Task to carry out:
Below, some lines carry pictures; leave those pictures out and retype exactly the lines from the one with "Human Hair Bundles 16" through the one with "このあたりは朝鮮戦争の際、北".

Data for analysis:
◇ ◇ ◇ ◇
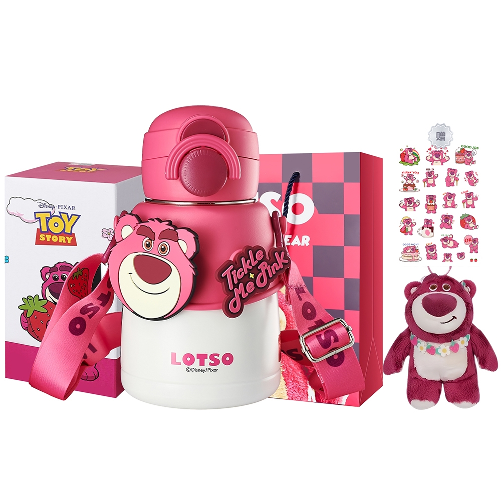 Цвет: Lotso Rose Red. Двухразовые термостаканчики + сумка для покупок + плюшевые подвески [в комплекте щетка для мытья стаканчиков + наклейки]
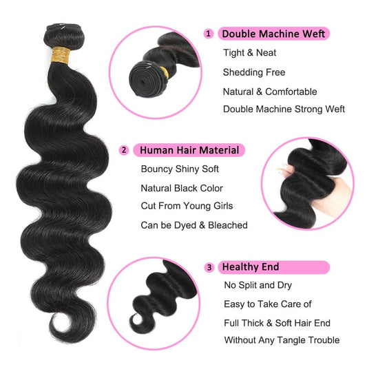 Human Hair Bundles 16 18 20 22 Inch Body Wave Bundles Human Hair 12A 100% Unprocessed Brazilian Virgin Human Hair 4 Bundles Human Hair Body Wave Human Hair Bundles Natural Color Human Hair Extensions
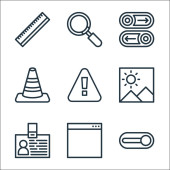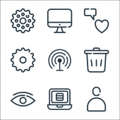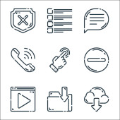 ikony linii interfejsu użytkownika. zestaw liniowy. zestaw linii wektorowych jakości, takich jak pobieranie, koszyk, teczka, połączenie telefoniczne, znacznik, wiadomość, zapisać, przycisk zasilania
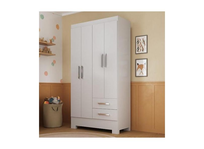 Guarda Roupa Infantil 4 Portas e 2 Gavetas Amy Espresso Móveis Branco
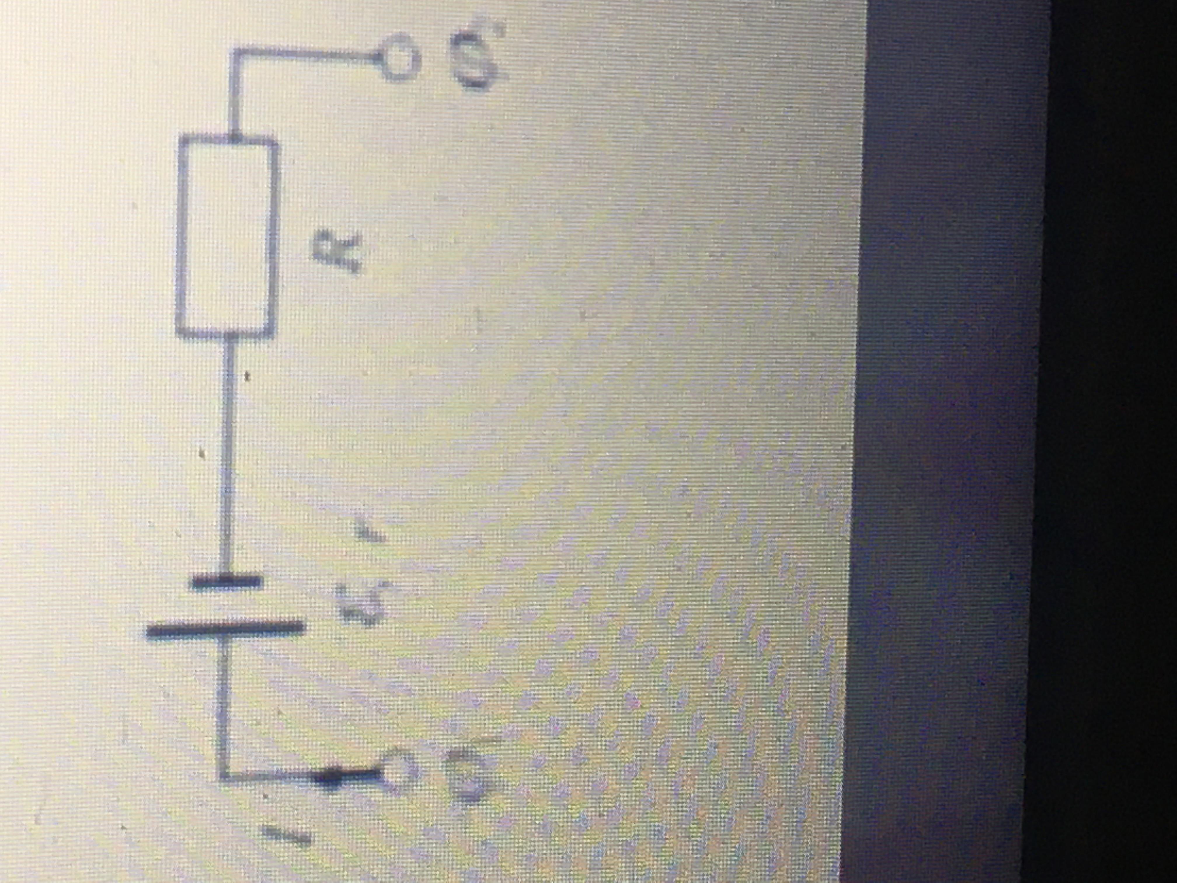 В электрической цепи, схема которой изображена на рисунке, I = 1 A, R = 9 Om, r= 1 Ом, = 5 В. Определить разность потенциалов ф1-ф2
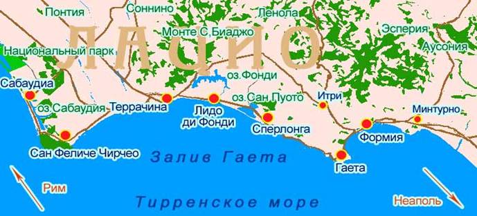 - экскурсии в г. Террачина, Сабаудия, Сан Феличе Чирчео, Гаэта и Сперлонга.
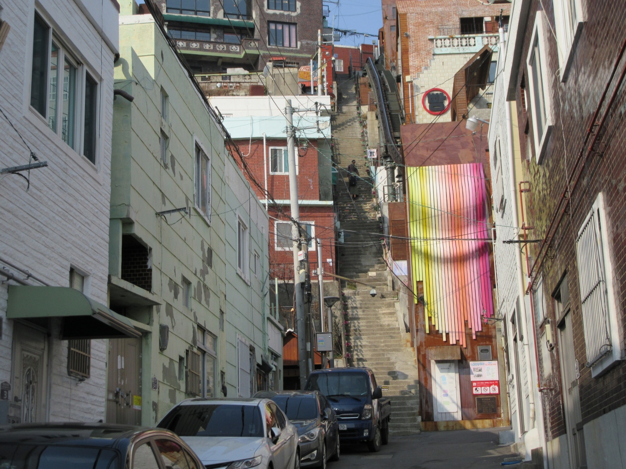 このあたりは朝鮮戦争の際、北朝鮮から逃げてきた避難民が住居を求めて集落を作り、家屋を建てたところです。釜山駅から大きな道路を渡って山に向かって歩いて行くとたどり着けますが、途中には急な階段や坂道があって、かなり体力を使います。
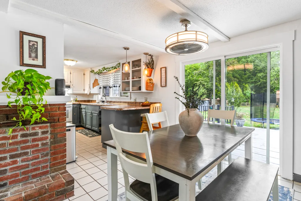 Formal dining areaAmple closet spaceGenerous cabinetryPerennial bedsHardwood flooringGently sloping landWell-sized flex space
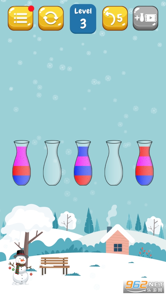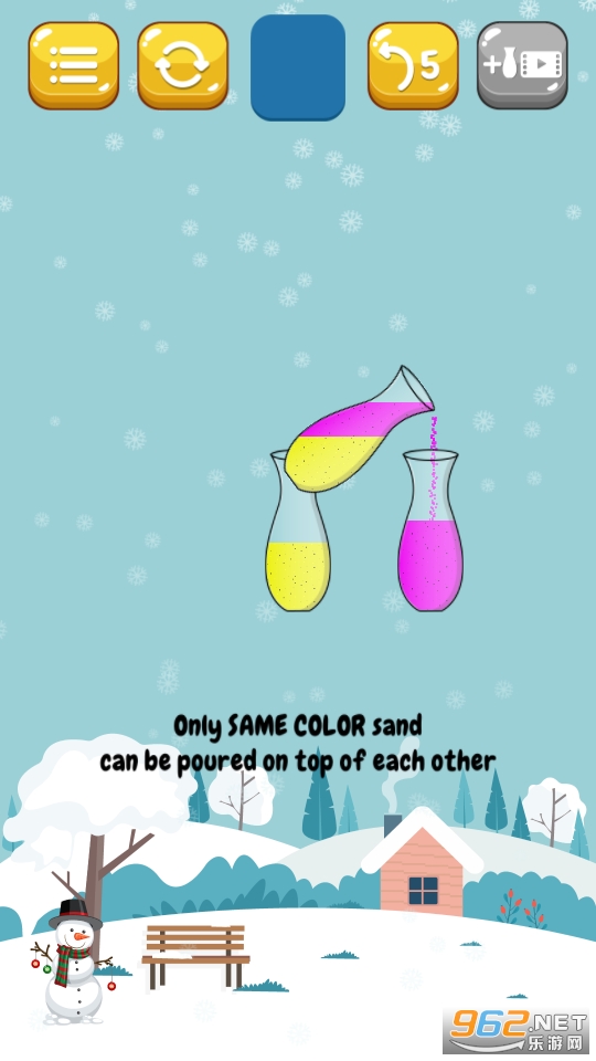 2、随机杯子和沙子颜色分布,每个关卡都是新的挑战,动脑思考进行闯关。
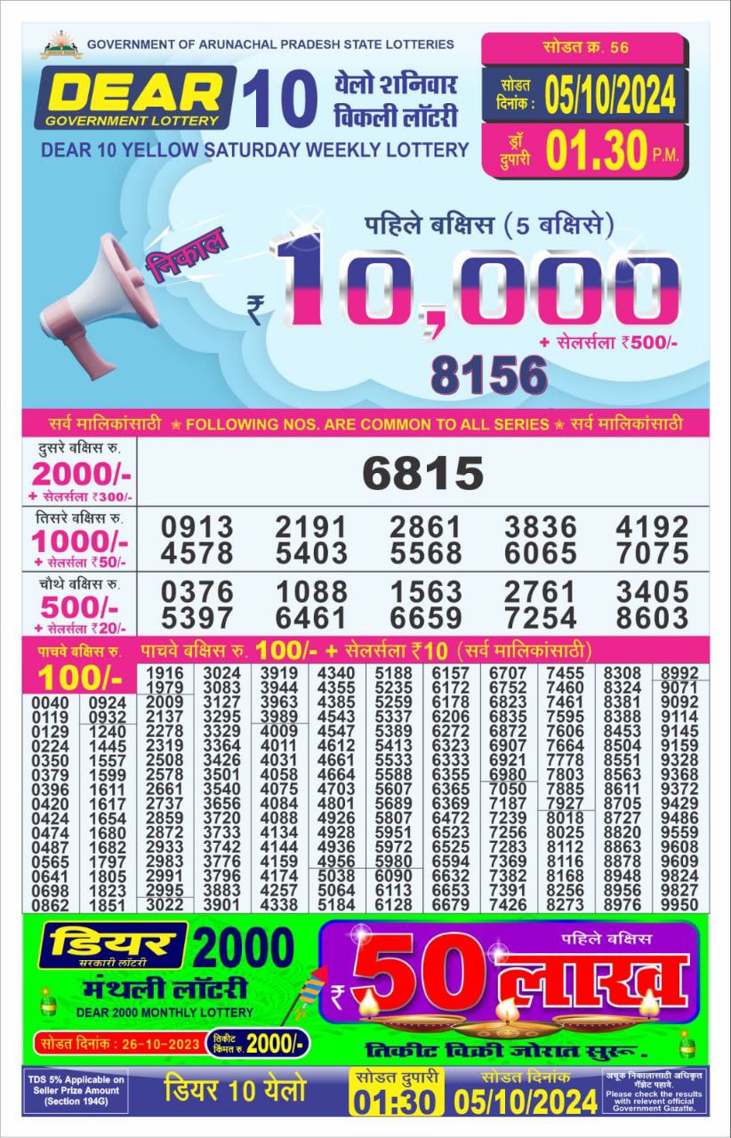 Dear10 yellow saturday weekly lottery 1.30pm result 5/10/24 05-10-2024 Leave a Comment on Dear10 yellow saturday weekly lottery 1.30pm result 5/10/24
◇ ◇ ◇ ◇
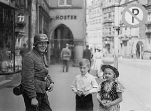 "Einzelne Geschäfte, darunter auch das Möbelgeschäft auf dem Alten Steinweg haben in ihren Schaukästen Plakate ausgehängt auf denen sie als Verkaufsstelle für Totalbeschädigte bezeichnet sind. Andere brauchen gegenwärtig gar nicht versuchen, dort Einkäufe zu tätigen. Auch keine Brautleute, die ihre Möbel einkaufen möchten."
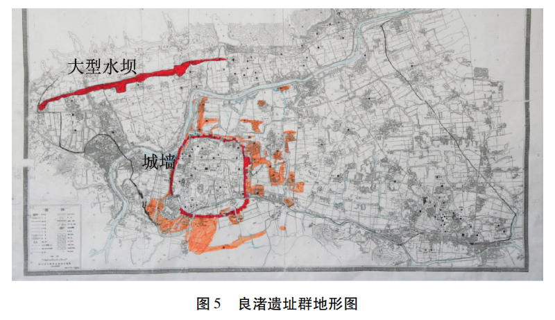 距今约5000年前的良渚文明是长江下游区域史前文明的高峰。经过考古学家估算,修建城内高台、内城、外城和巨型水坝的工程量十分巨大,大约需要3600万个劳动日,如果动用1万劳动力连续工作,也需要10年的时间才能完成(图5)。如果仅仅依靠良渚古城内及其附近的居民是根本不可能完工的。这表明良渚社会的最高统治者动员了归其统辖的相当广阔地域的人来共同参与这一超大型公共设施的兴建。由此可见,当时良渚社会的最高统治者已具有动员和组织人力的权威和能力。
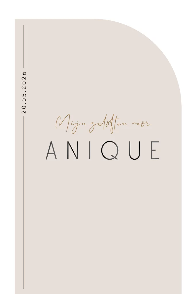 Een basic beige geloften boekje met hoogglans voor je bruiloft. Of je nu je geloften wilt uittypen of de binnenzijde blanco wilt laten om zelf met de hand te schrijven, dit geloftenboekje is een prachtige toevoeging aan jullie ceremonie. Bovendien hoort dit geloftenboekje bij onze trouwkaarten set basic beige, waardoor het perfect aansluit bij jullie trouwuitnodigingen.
◇ ◇ ◇ ◇
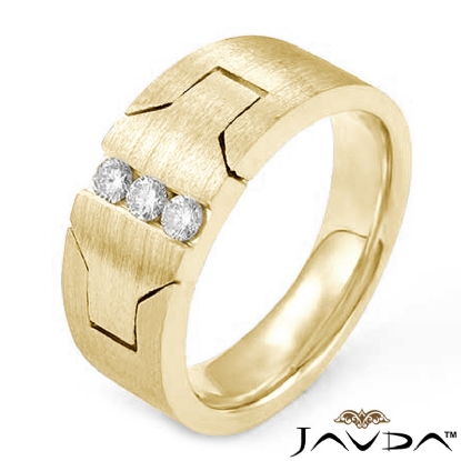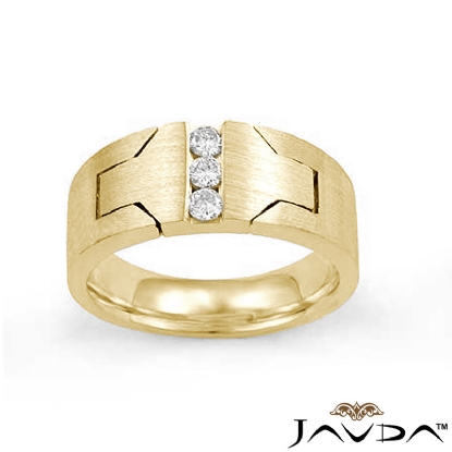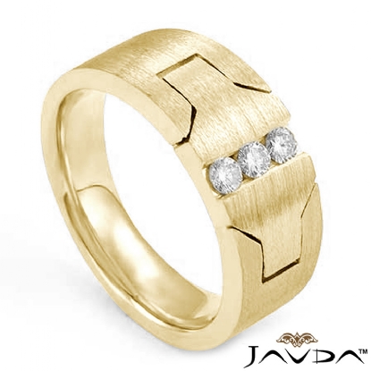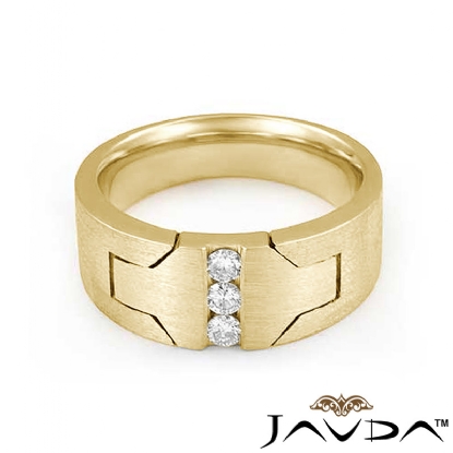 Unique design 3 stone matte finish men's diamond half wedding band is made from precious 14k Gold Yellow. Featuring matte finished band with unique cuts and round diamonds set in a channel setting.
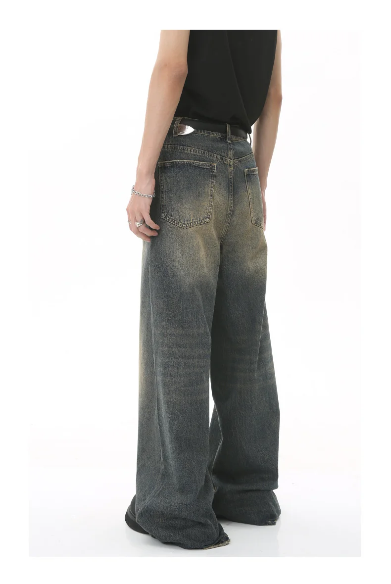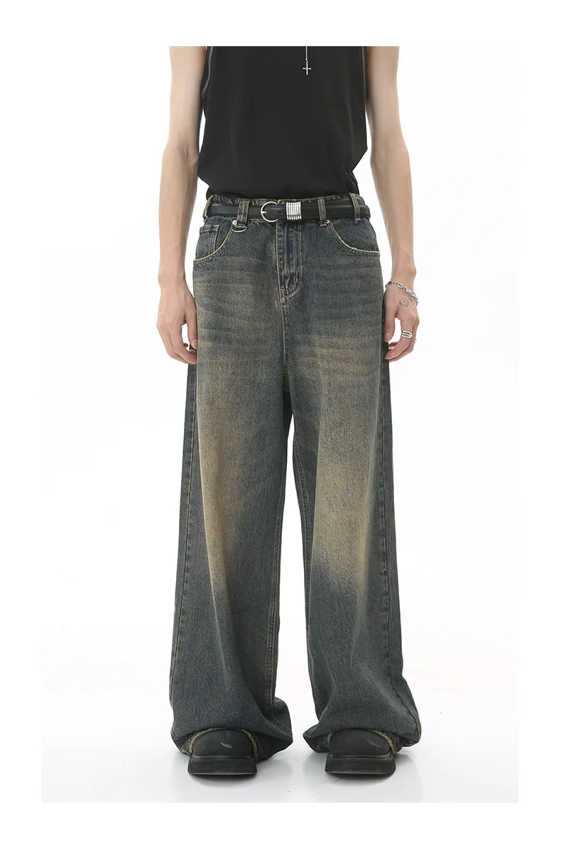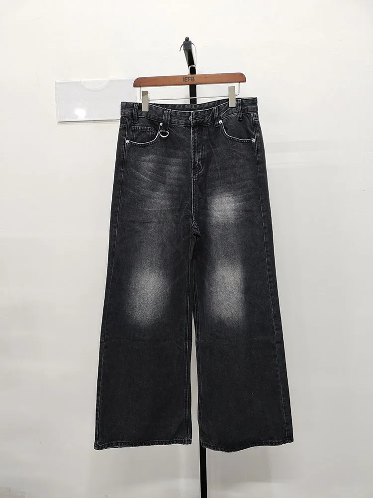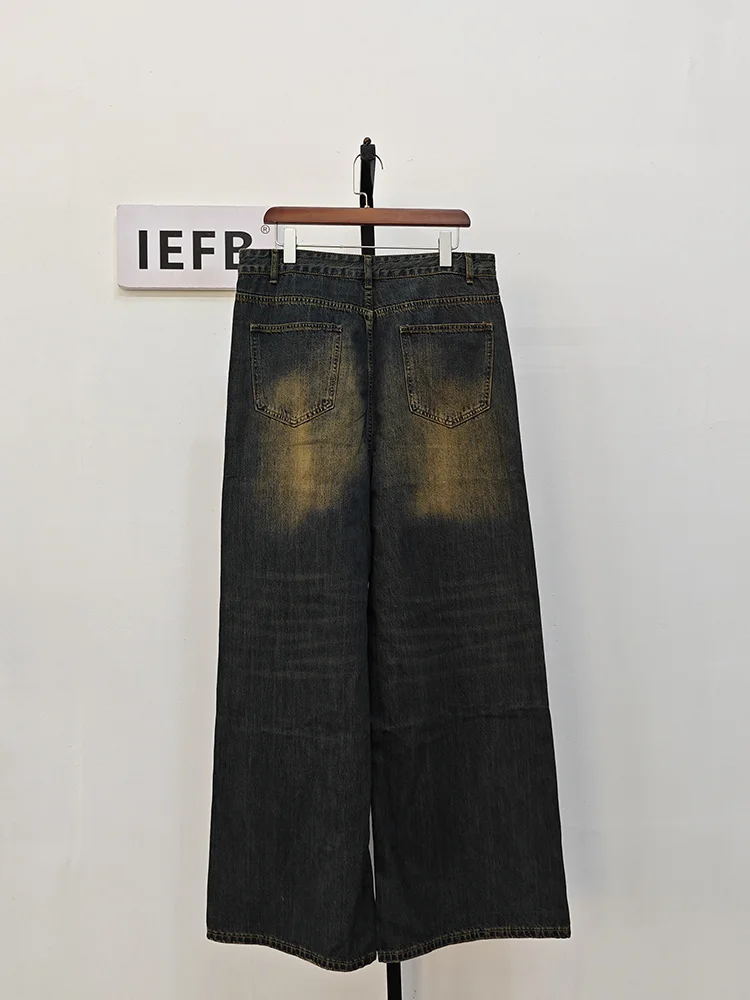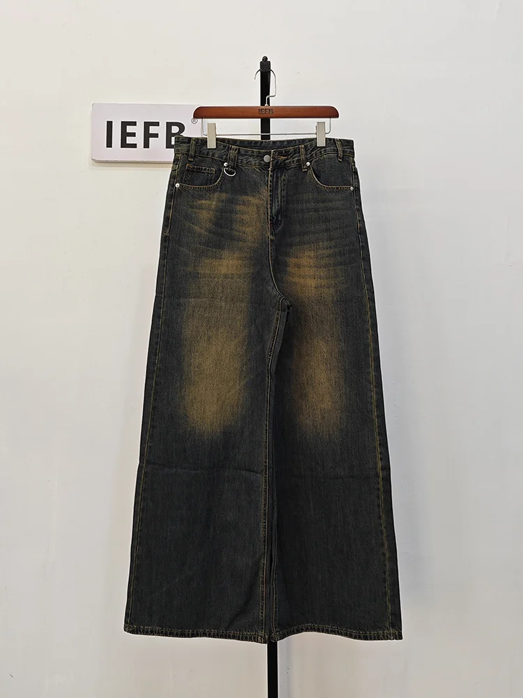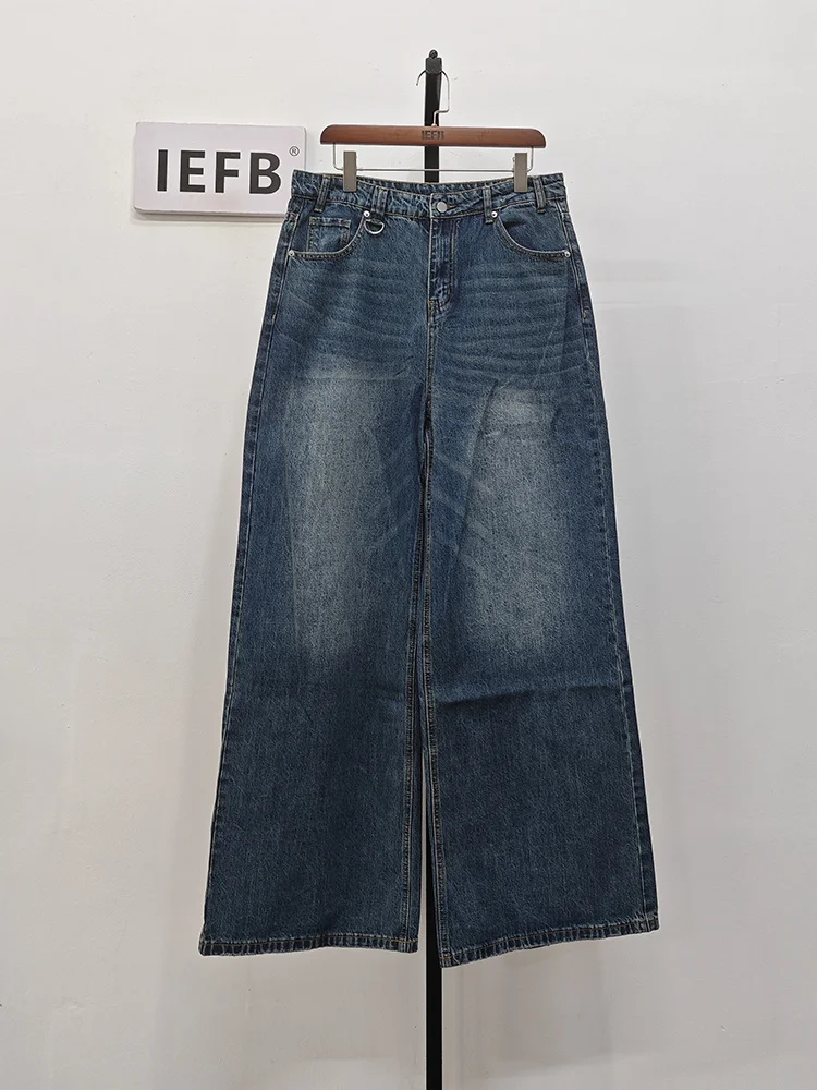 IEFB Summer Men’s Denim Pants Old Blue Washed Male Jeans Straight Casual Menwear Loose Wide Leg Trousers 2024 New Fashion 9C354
◇ ◇ ◇ ◇
Answer section:
 Human Hair Bundles 16 18 20 22 Inch Body Wave Bundles Human Hair 12A 100% Unprocessed Brazilian Virgin Human Hair 4 Bundles Human Hair Body Wave Human Hair Bundles Natural Color Human Hair Extensions
 ikony linii interfejsu użytkownika. zestaw liniowy. zestaw linii wektorowych jakości, takich jak pobieranie, koszyk, teczka, połączenie telefoniczne, znacznik, wiadomość, zapisać, przycisk zasilania
 Guarda Roupa Infantil 4 Portas e 2 Gavetas Amy Espresso Móveis Branco
 В электрической цепи, схема которой изображена на рисунке, I = 1 A, R = 9 Om, r= 1 Ом, = 5 В. Определить разность потенциалов ф1-ф2
 - экскурсии в г. Террачина, Сабаудия, Сан Феличе Чирчео, Гаэта и Сперлонга.
 このあたりは朝鮮戦争の際、北朝鮮から逃げてきた避難民が住居を求めて集落を作り、家屋を建てたところです。釜山駅から大きな道路を渡って山に向かって歩いて行くとたどり着けますが、途中には急な階段や坂道があって、かなり体力を使います。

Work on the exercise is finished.